━━━━━ Material for this exercise

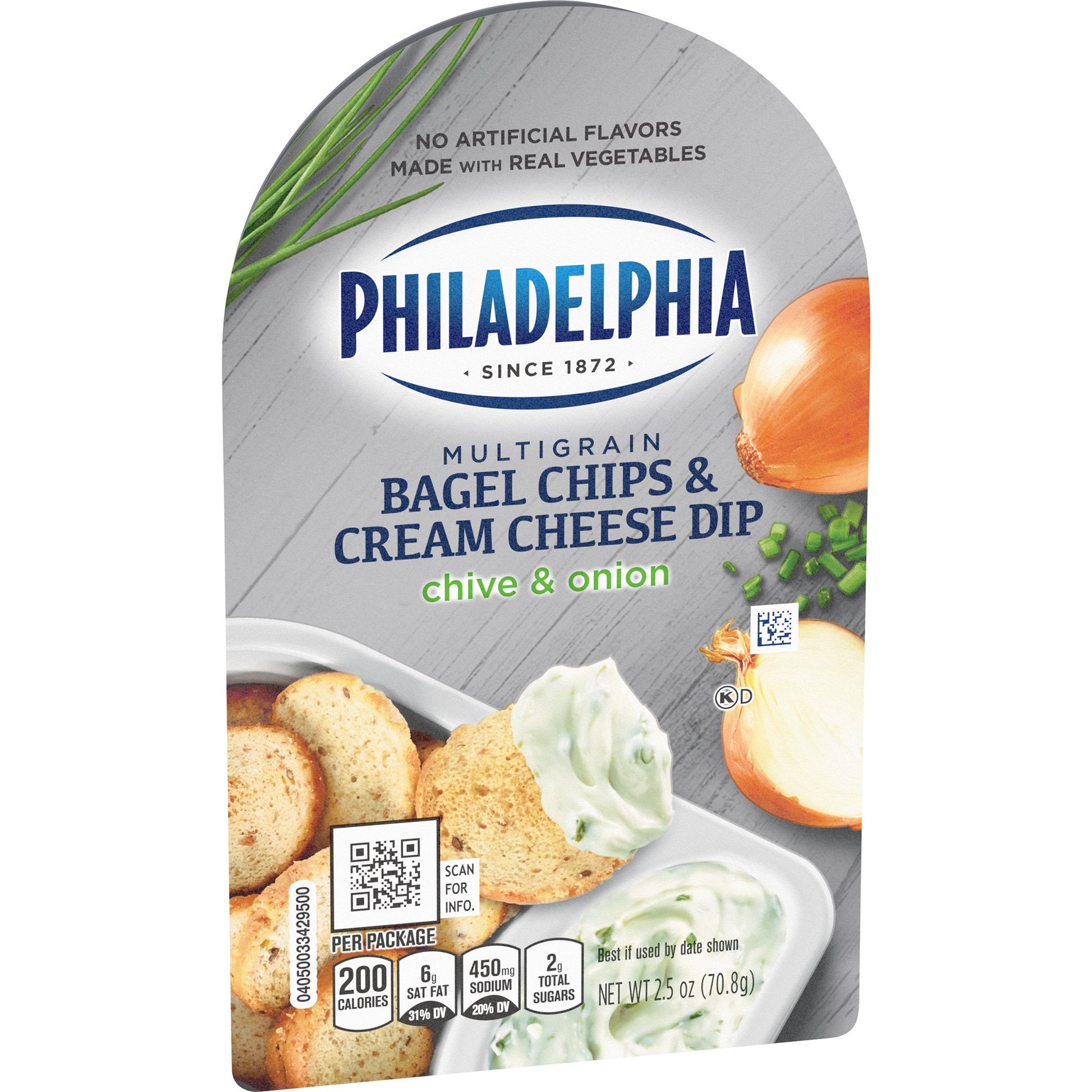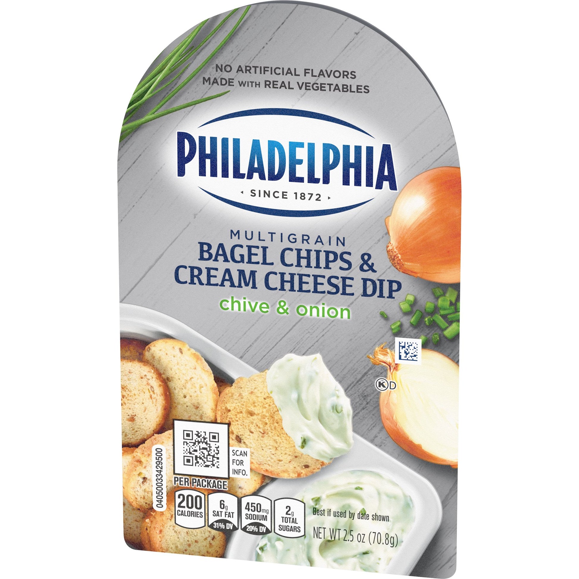 Una bandeja de 2.5 oz de chips Philadelphia Bagel & Dip de queso crema con cebollino y cebolla
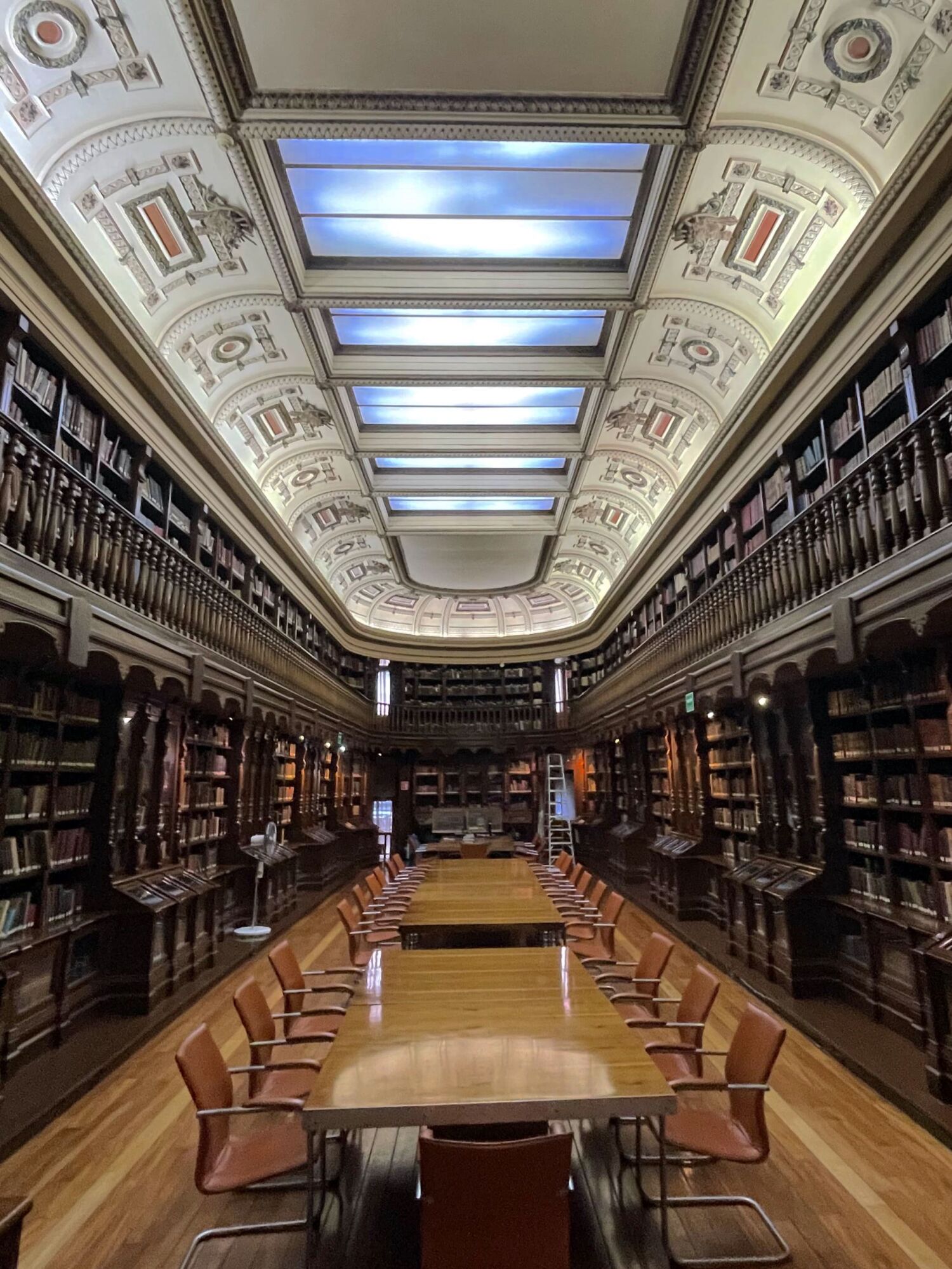 Antes de entrar en detalles, vale la pena conocer un poco más sobre el origen de este hermoso edificio y su biblioteca. El Palacio de Minería, una de las obras más emblemáticas del arquitecto y escultor Manuel Tolsá, fue construido entre 1797 y 1813 para albergar el Real Seminario de Minería y el Real Tribunal de Minería. El espacio que hoy ocupa la Biblioteca Ing. Antonio M. Anza fue en su momento la Oficina de Ensayo de Materiales, donde los ingenieros realizaban investigaciones y pruebas de calidad sobre nuevos materiales de construcción, como el acero y el concreto. El ingeniero Antonio Anza fue el responsable de fundar e instalar este laboratorio pionero de ingeniería civil, y por ello la biblioteca lleva su nombre. Durante la restauración del palacio en los años 70, el espacio se convirtió en la biblioteca que es hoy, conservando su decoración original, como la estantería de madera fina que le da un aire de solemnidad y belleza. Actualmente, el Palacio forma parte de la Facultad de Ingeniería de la UNAM.
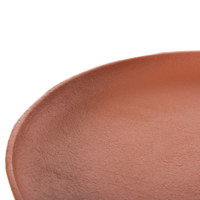 The DELCON side table is one of the new additions to our range. It is a round metallic table with a cone-shaped base. Its color is ORANGE throughout. The peculiarity of this table is that the texture of the paint is rough, and that the perimeter of the tabletop is raised giving the impression of a plate. Ideal for both home and business premises.
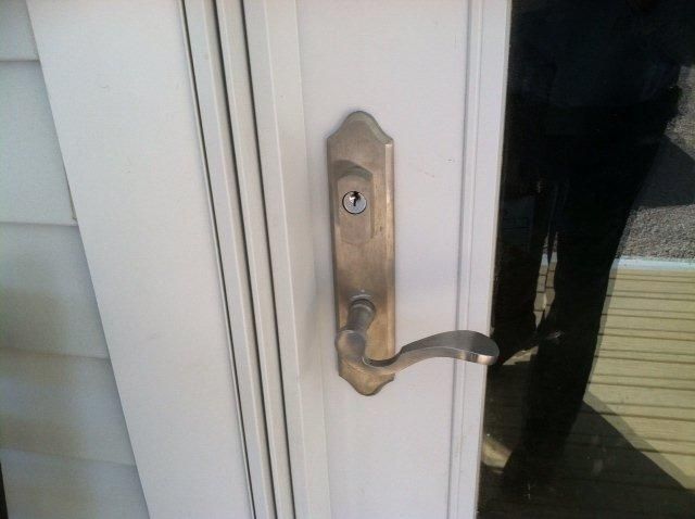Here are some pictures of a project where a commercial customer built a new building and had 7 doors that needed locks installed. Dave was able to locate hardware that matched the shape and style of existing exterior doors and was able to incorporate an Emtek pushbutton lever on the door that will have the most usage. The customer was very pleased with the final product, as was Dave.
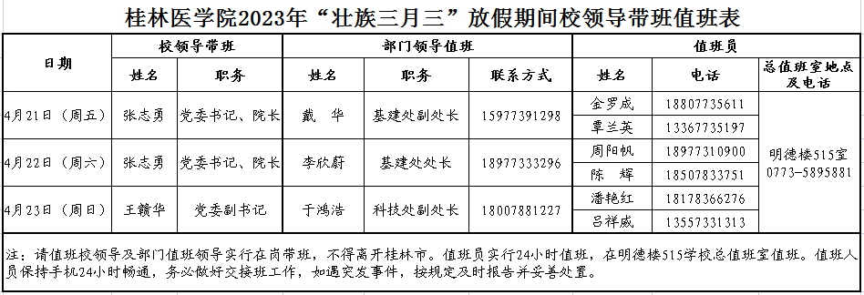 桂林医华体(中国)2023年“壮族三月三”放假期间华体网页版页面登录领导带班值班表
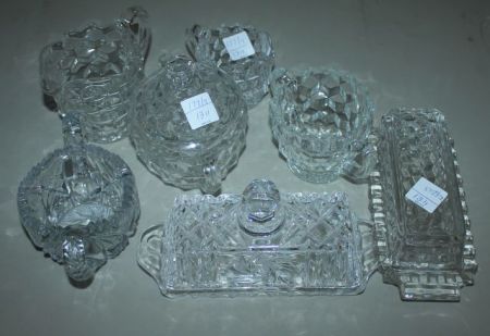 Includes tow butter dishes, three sugars, and two creamers Includes tow butter dishes, three sugars, and two creamers
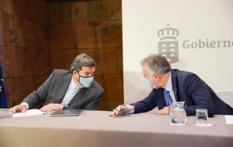 Economía.- Ángel Víctor Torres y el ministro José Luis Escrivá mantienen un encuentro con organizaciones sindicales y empresariales (16 fotos).
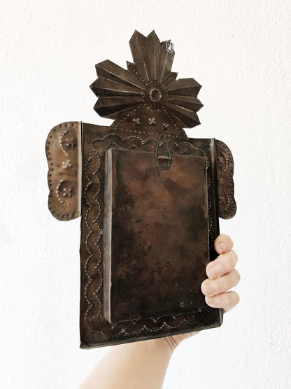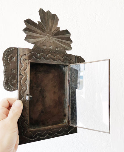 From Mexico, pressed tin with glass door for your dia los muertos altar or treasures

━━━━━━━━━━

What to do
Leave out each picture and extract the lines from the one containing "Here are some" through the end of the records above, inclusive, exactly as they stand.

Written reply
Here are some pictures of a project where a commercial customer built a new building and had 7 doors that needed locks installed. Dave was able to locate hardware that matched the shape and style of existing exterior doors and was able to incorporate an Emtek pushbutton lever on the door that will have the most usage. The customer was very pleased with the final product, as was Dave.
 桂林医华体(中国)2023年“壮族三月三”放假期间华体网页版页面登录领导带班值班表
 Includes tow butter dishes, three sugars, and two creamers Includes tow butter dishes, three sugars, and two creamers
 Economía.- Ángel Víctor Torres y el ministro José Luis Escrivá mantienen un encuentro con organizaciones sindicales y empresariales (16 fotos).
 From Mexico, pressed tin with glass door for your dia los muertos altar or treasures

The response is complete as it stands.